The mob violence, sparked by Islamic radicals distributing some Danish cartoons, has shown up in the world's largest Moslem nation. But in Indonesia, the few demonstrations featured eggs, not grenades, being thrown at Western embassies. There were no deaths, Few Indonesians see Islamic purity as worth dying for. While Islamic terrorism and religious intolerance are present in Indonesia, it is quite different from what exists in the Middle East. Indonesia is on the fringe of the Moslem world, and like most fringe areas, orthodoxy is less popular and pure. The Islamic fundamentalists who created Wahhabism and al Qaeda don't have wide appeal in Indonesia, where Islam did not replace earlier religions, as much as it merged with them. Not officially, of course. But in practice, Islam, as practiced by most Indonesians, could get you beheaded back in Saudi Arabia. The Islamic terrorists in Indonesia are recruited from urban groups that are trying to ape the Islamic hard core back in the Middle East. This has set up a classic "city slicker versus the country folk" situation. Most Indonesians see nothing good coming from the Islamic radicalism. The one appealing aspect of Islamic radicals, to clean up the government corruption, never materialized. The Islamic militants were found to be corrupt as well, and their terrorism has hurt the economy. The Islamic radical attacks on Indonesian traditions (for being "unIslamic" or just sinful) was not appreciated either. Attacks on non-Moslem Indonesians has not produced any benefits. In short, Islamic radicalism has been a failure to most Indonesians. There are still thousands of true believers in the cause, but with most Indonesians against them, it's hard to plan and carry out terrorist attacks when everyone is out to turn you in.
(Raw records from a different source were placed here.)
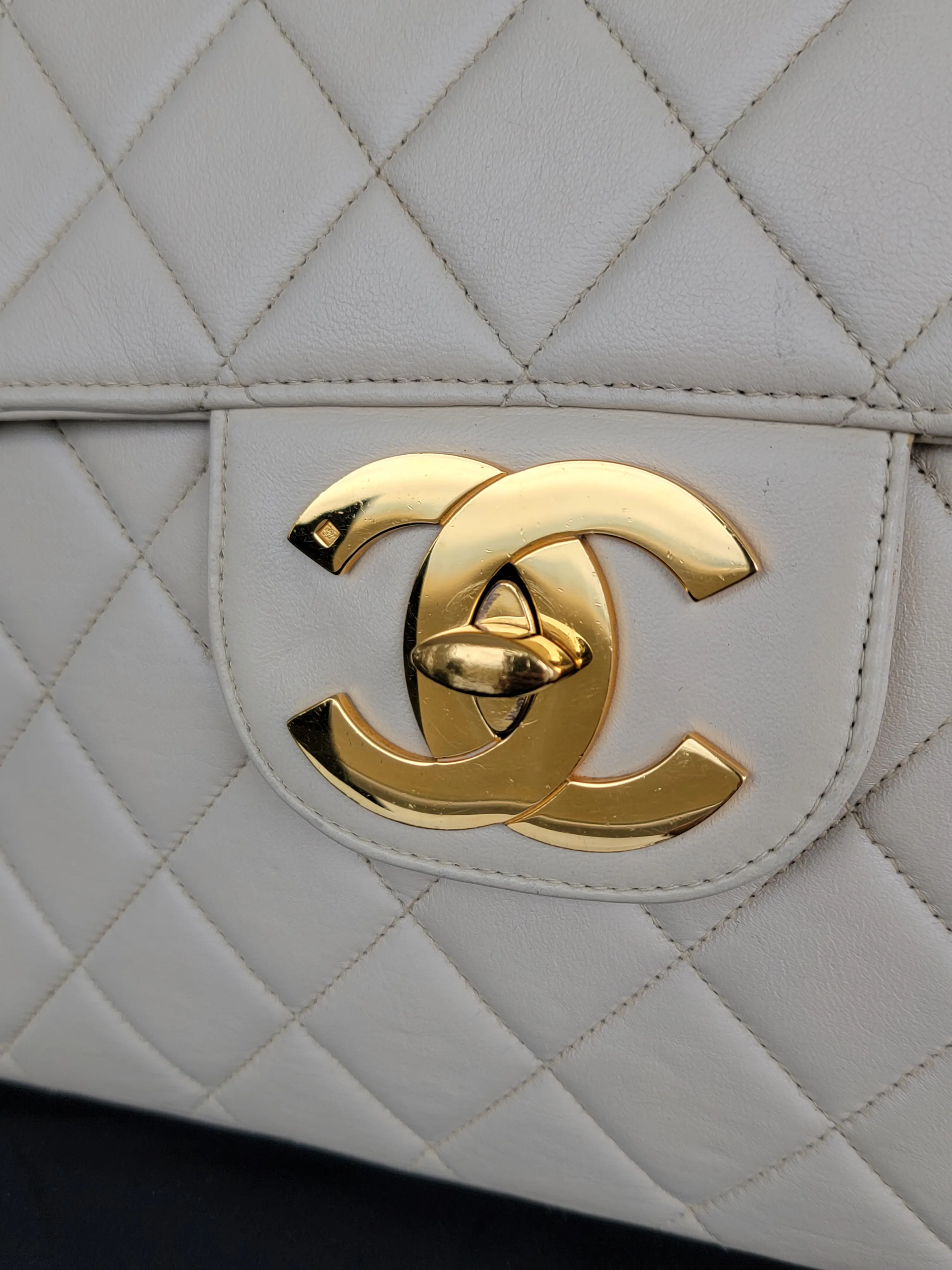 Wunderschöne Chanel Jumbo in sanftem Beigeton und 24k-vergoldeter Hardware. Sehr gepflegt, keine wesentlichen Gebrauchsspuren. Nur das Leder in der Schulterkette ist leicht verfärbt (siehe Bild). Es ist wirklich eine ausserordentlich schöne Tasche
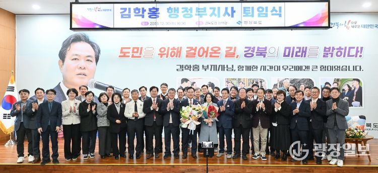 광장일보 주재영 기자 | 김학홍 경상북도 행정부지사가 30일 도청에서 퇴임식을 갖고, 3년 2개월간의 행정부지사 임기를 끝으로 33년간의 공직 생활을 마무리했다.
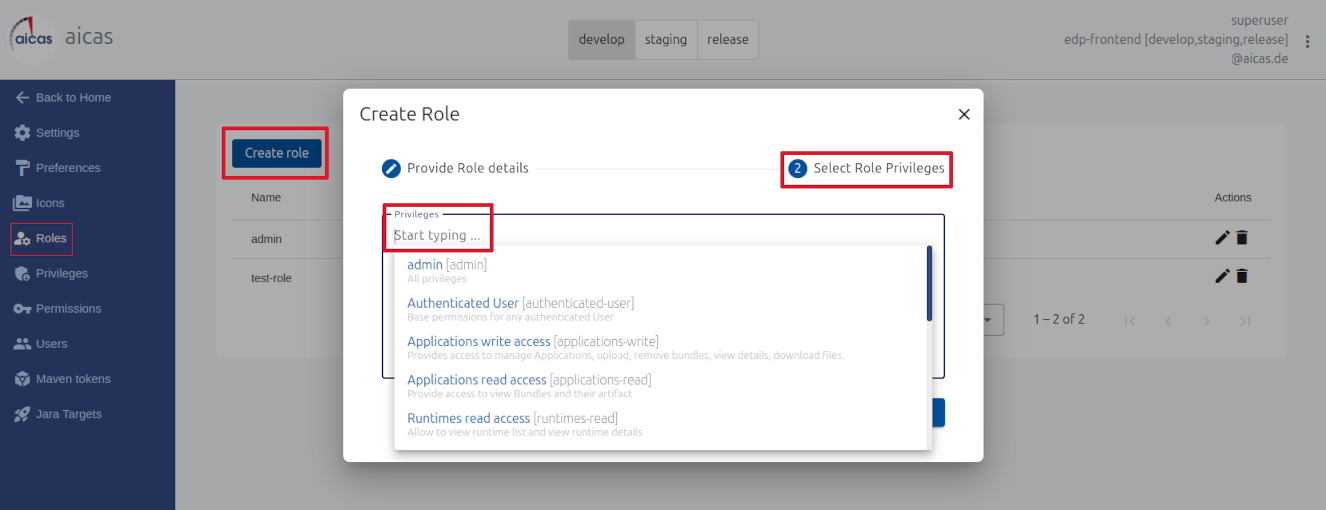 Similar to creating roles, the process of creating privileges also includes, after entering an unique name and description, selecting from a list of the available permissions both in the front- and in the backend.

February 16, 2006: A judge sentenced an Islamic terrorist, Asep Jaya, to death, for attacks on police and Christians in the Maluku islands over the past two years.
February 9, 2006: Only half the navy's 121 ships and half of the air force's 114 aircraft are operational. In army is not much better off, with only a few of the 100 or so combat battalions up to strength, well trained and equipped. The force has been adequate for fighting Islamic and separatist rebels, but the generals and admirals want to be able to deal with foreign foes. This will require a lot of cash, and some reforms.